The template for the SDBM/R technique is presented in Fig. 1 (left). SDBM/R takes the value-in-use (i.e., the value to-be created for the customer) at its core and is divided into ‘pie slices’ that surround this core. These pie slices represent actors that are part of the business network and participate for and contribute to the respective business model design (represented by the outer ring). The SDBM/R contains three rings that for each actor (in its respective pie slice) describe the actor value proposition (the value that is proposed by an actor as part of value-in-use), the actor co-production activities (the activities conducted to establish the value proposition), and the actor costs and benefits (the respective costs and benefits per actor that are expected to result from participating in the business model execution).

figure 1

With regard to the set of actors, each service-dominant business model design should feature at least one customer (or customer segment) to which the value-in-use is directed, one focal organization or orchestrator, and at least one other business network actor (to account for a networked business model perspective). The set of business network actors can be further classified as either core parties (e.g., are essential for the execution of the business model or the delivery of the service solution) or enriching parties (e.g., extend the value proposition or enrich the service offering).
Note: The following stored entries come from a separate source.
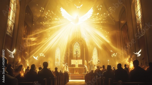 Pentecost celebration in church: church interior with apostles receiving the Holy Spirit, light rays illuminating, gentle flames, doves above, peaceful mood
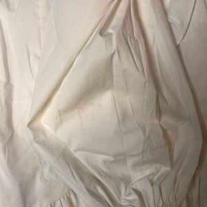 Wore twice. Has a minor ink stain on the sleeve near the elbow area but not extremely noticeable.
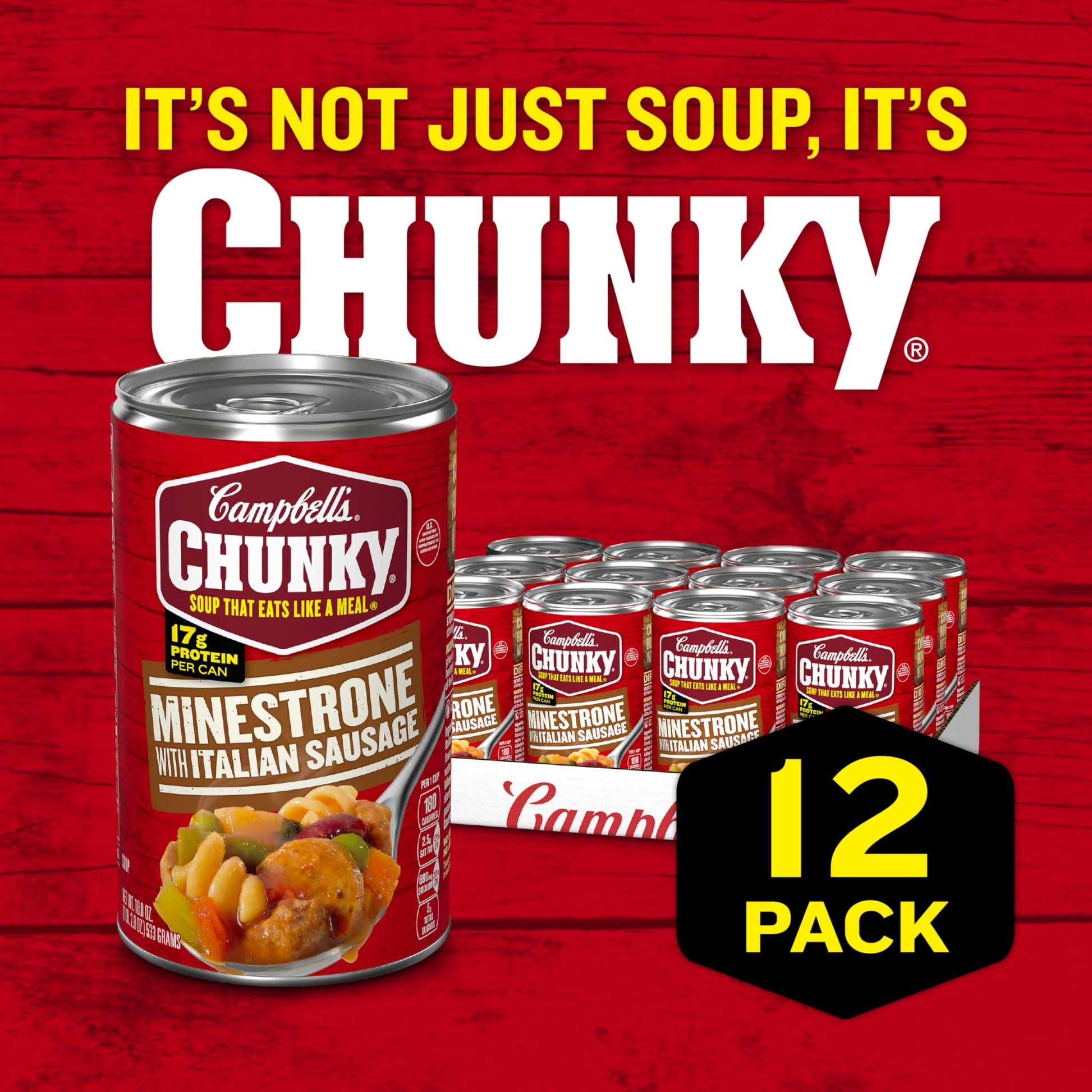 Campbell’s Chunky Minestrone with Italian Sausage Soup isn’t just tasty-it's made to work as hard as you do. With never-ending big flavors and bold ingredients, this canned soup is capable of fueling even the heartiest appetite. This ready-to-eat soup contains big, bold pieces of tomatoes, Italian sausage, potatoes, pasta and kidney beans. Each can has 17 grams of protein. It Fills You Up Right. Just pop this ready-to-serve soup in a microwave-safe bowl, heat and enjoy with your favorite sides. Or, warm it over the campfire on your outdoor adventures. Whether you’re looking for quick and easy to microwave soup for home or something to take on the go, Campbell’s has you covered. The soup can is recyclable for easy disposal. Take on the great outdoors with Campbell’s Chunky Minestrone With Italian Sausage Soup-Soup That Eats Like a Meal. In addition to Minestrone with Italian Sausage Soup, Campbell's Chunky Soup is also available in Beef and Barley, Sausage and Pepper Rigatoni, and more.
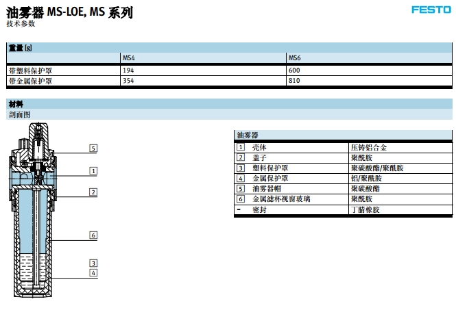 MS4-LOE-1/8,MS6-LOE-1/8,MS4-LOE-3/8,MS6-LOE-3/8,festo油雾器
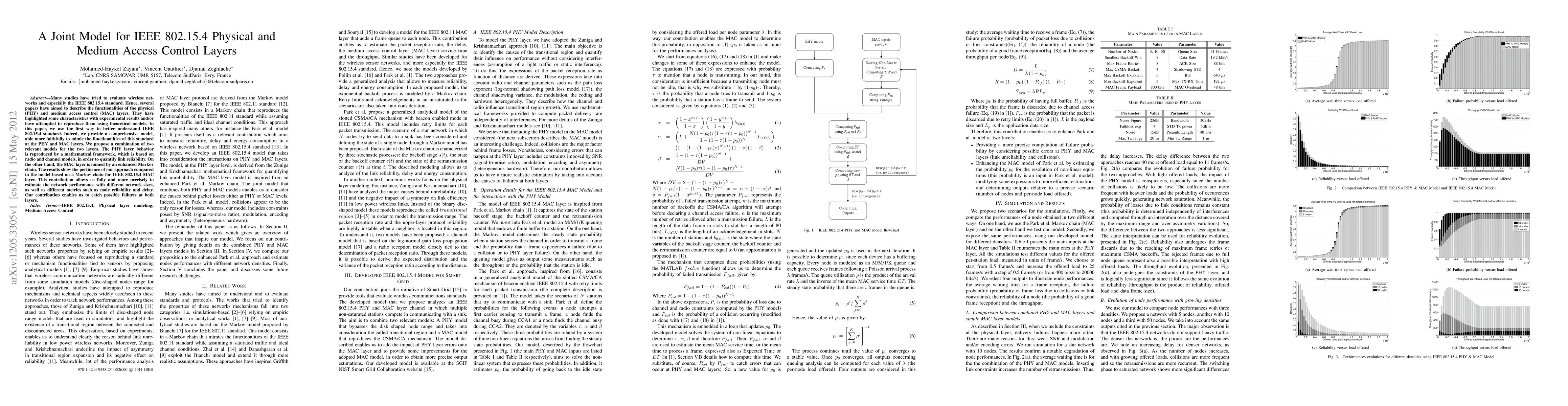 This paper proposes a joint model combining mathematical and Markov chain approaches to accurately represent the IEEE 802.15.4 standard's physical and medium access control layers, demonstrating improved network performance estimation and failure detection.
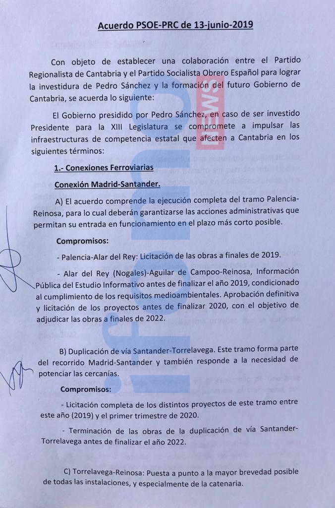 Este medio ha tenido acceso al documento que han firmado el Diputado Nacional del PRC, Jose María Mazón y el Ministro de Fomento en funciones y Secretario de Organización del PSOE, Jose Luis Ábalos.
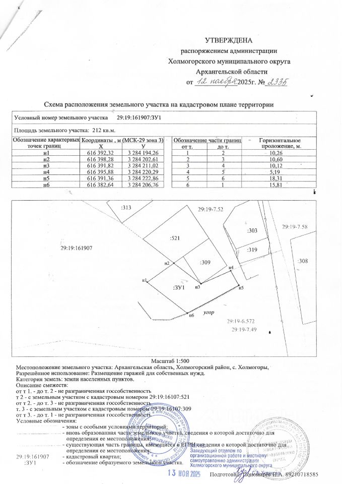 Земельный участок с кадастровым номером 29:19:161907:547, площадь 212 кв.м, категория земель земли населенных пунктов, разрешенное использование размещение гаражей для собственных нужд, местоположение: Российская Федерация, Архангельская область, Холмогорский муниципальный округ, село Холмогоры. Доступ к земельному участку осуществляется с северо-восточной стороны земельного участка от земель общего пользования. Срок аренды - 30 месяцев.

An example of a completed business model design can be seen in Fig. 1 (right). One can see that the business model focuses on the value-in-use ‘Flexible and comfortable travelling experience’, and features roles such as the user, service provider, municipality, maintenance provider and advertisers (each with associated value propositions, activities and costs and benefits) to describe the logic by which the business model is expected to create value and how this is to be supported.

The SDBM/R has been successfully applied in a set of industry projects to represent networked business models, for which the results on its application and evaluation have been communicated with scholars in a number of publications [1, 6, 18, 23, 24, 38, 62, 65,66,67].

2.2 Business model innovation and decision making

Business model innovation (BMI) has been defined as “the process of designing a new or modifying the firm’s business model or the discovery of fundamentally different business models” [40, 79]. It is therefore not surprising that BMI is often considered as an iterative process, featuring sequential steps or phases that guide business models from ideation toward implementation. To support the BMI process, several scholars have investigated the activities that are typically conducted toward the innovation of business models [74]. Generally, business model innovation is preceded by an exploration phase for which organizations analyze the strategic goals or objectives to be pursued, justifying the need for novel business model design or business model redesign. As per the start of the innovation process, novel business model designs are ideated, taking into account the strategic challenges posed. Depending on the preliminary performance of these business model designs, model alternatives are either discarded or selected for further concretization, which constitutes the next step of the innovation process. This concretization step is iterative, for which the goal is to find a concrete business model design (in terms of its structure and underlying business case) that works for all involved stakeholders. Once the business model design is complete, the innovation process is concluded by an implementation step, focusing on the implementation of the model into the logic of the organization(s).

The BMI process inherently is uncertain and generates ambiguity and risk for decision making [55]. This is particularly relevant for new-to-the-firm business models, which concerns finding a viable novel business model design without any preconceived notion of whether the business model design may work in practice [56]. Particularly in early phases of the innovation process, data availability is generally low or lacking accuracy [44], rendering the use of qualitative decision making more appropriate [64]. However, as business models progress through the innovation phases, they become increasingly structured as decisions are finalized, facilitating the application of more quantitatively-oriented evaluation techniques [44]. To support decision making in business model innovation, practices of experimentation and trial-and-error learning are frequently stressed [5, 60]. In addition, business model evaluation is advocated as a means to structure decision making and to clarify the performance of business models [57].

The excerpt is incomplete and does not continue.